Confiance fondée sur la connaissance : Peut alors être discuté le fondement s’appuyant sur la connaissance de Shapiro et coll. (1992) et de Lewicki et Bunker (1995). Pour Rousseau et coll. (1998), il provient d’un choix rationnel, c’est-à-dire que l’individu qui accorde sa confiance le fait parce qu’il perçoit que l’autre a l’intention de réaliser une action qui lui est bienveillante. Pour appuyer cette perception, l’individu se base sur l’information crédible qu’il possède quant aux intentions ou aux compétences de l’autre. Pour Rousseau et coll. (1998), il s’agit d’une confiance qui doit se limiter à des échanges particuliers, non personnels. Ici, pour obtenir l’information dont il a besoin, l’individu se fie à la réputation ou à sa connaissance personnelle de l’autre, bâtie notamment grâce à une communication fréquente. C’est précisément cette connaissance qui explique qu’un individu peut prédire le comportement fiable ou non de l’autre partie et prendre ainsi sa décision d’accorder ou non sa confiance. À cet effet, Quéré (2001) parle de confiance « catégorielle », expression qu’il emprunte de Nooteboom (2001) et qu’il explique comme consistant

à accorder sa confiance à quelqu’un sur la base de son appartenance à un groupe, à un collectif ou à une catégorie, étant entendu que la fiabilité et la loyauté figurent dans les propriétés attribuées à ce groupe ethnique ou à telle religion, etc. parce que je connais les traditions et les valeurs de ces collectifs ou la réputation, qui est celle de leurs membres en général, d’être loyaux et dignes de confiance (p.134).

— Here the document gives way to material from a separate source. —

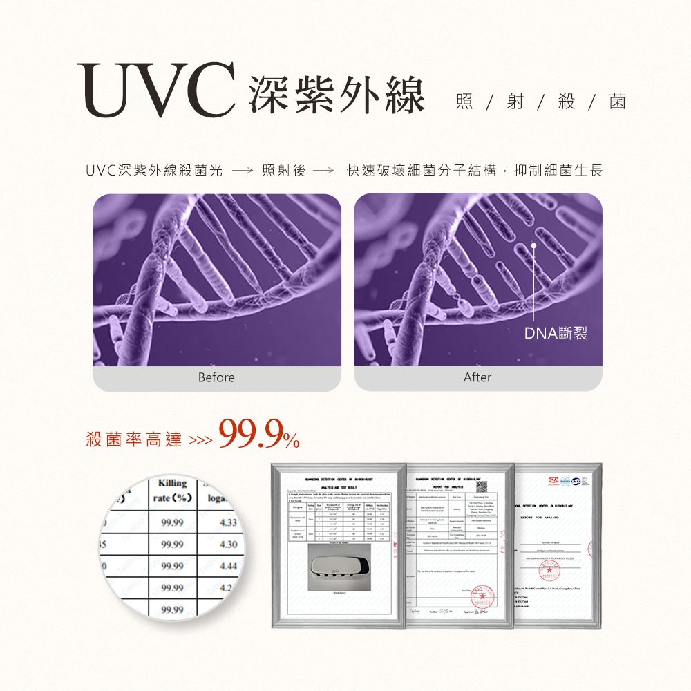 ● UVC深紫外線,能夠快速破壞細菌分子結構,殺菌率高達99.9%

Confiance basée sur la relation et l’identification à l’autre : Quant au dernier fondement de la confiance, selon Shapiro et coll. (1992) et Lewicki et Bunker (1995) il s’appuie sur l’identification (identification-based trust). Il renvoie à l’internalisation des préférences et des valeurs de l’autre et à une prise de décision qui est dans l’intérêt des deux parties. L’individu s’identifie alors aux désirs de l’autre. De plus, leur compréhension mutuelle le pousse à agir pour lui ou, du moins, dans son sens. Rousseau et coll. (1998) décrivent ce fondement comme s’appuyant sur la relation (relational trust) et provenant d’interactions positives répétées depuis un

certain temps. La fiabilité et le sérieux démontrés lors de ces interactions amènent alors des attentes positives au sujet des intentions de l’autre partie (Rousseau et coll., 1998).

En résumé, la confiance s’inscrit dans un continuum en trois temps. Elle est dynamique, évolutive et répond à une progression temporelle qui dépend de facteurs cognitifs et affectifs : (1) la dissuasion et le calcul qu’un individu peut faire de sa relation ; (2) les connaissances et l’information qu’il détient sur l’autre partie et qui l’aideront à juger de sa fiabilité ; et (3) l’identification à l’autre en matière de valeurs et de préférence.

Elle n’est pas en opposition à la méfiance (ou vigilance) qui peut être présente à différents degrés ou absente entre un individu et un autre individu ou envers une organisation ou une institution. Elle peut également être absente. Aussi, plus l’individu s’abandonne dans la confiance, plus il est vulnérable et plus le risque qu’il prend est grand. Cette dynamique suit une logique où la confiance est basée à différents degrés sur la cognition ou sur l’affect (Lewis et Wiegert, 1985 ; McAllister, 1995 ; Quéré, 2001). Ainsi, des caractéristiques cognitives et affectives dans lesquelles s’inscrit la dynamique de confiance interagissent avec plus ou moins d’importance selon le contexte et influencent la profondeur de la relation. Ces éléments suggèrent une relation non statique dans le temps qui évoluera en fonction des conditions associées à la construction de relations de confiance qui sont présentées dans la section suivante, à savoir les caractéristiques institutionnelles, organisationnelles, relationnelles et individuelles.

Cette dynamique confirme le caractère complexe et multifactoriel de la confiance dans la relation entre les actrices et les acteurs d’une même organisation et des actrices et des acteurs évoluant autour de cette organisation et l’influençant à divers degrés. Aussi, la construction de relations de confiance se réalise via un

processus difficile à déterminer exactement, puisqu’il existe plusieurs conditions susceptibles de l’influencer.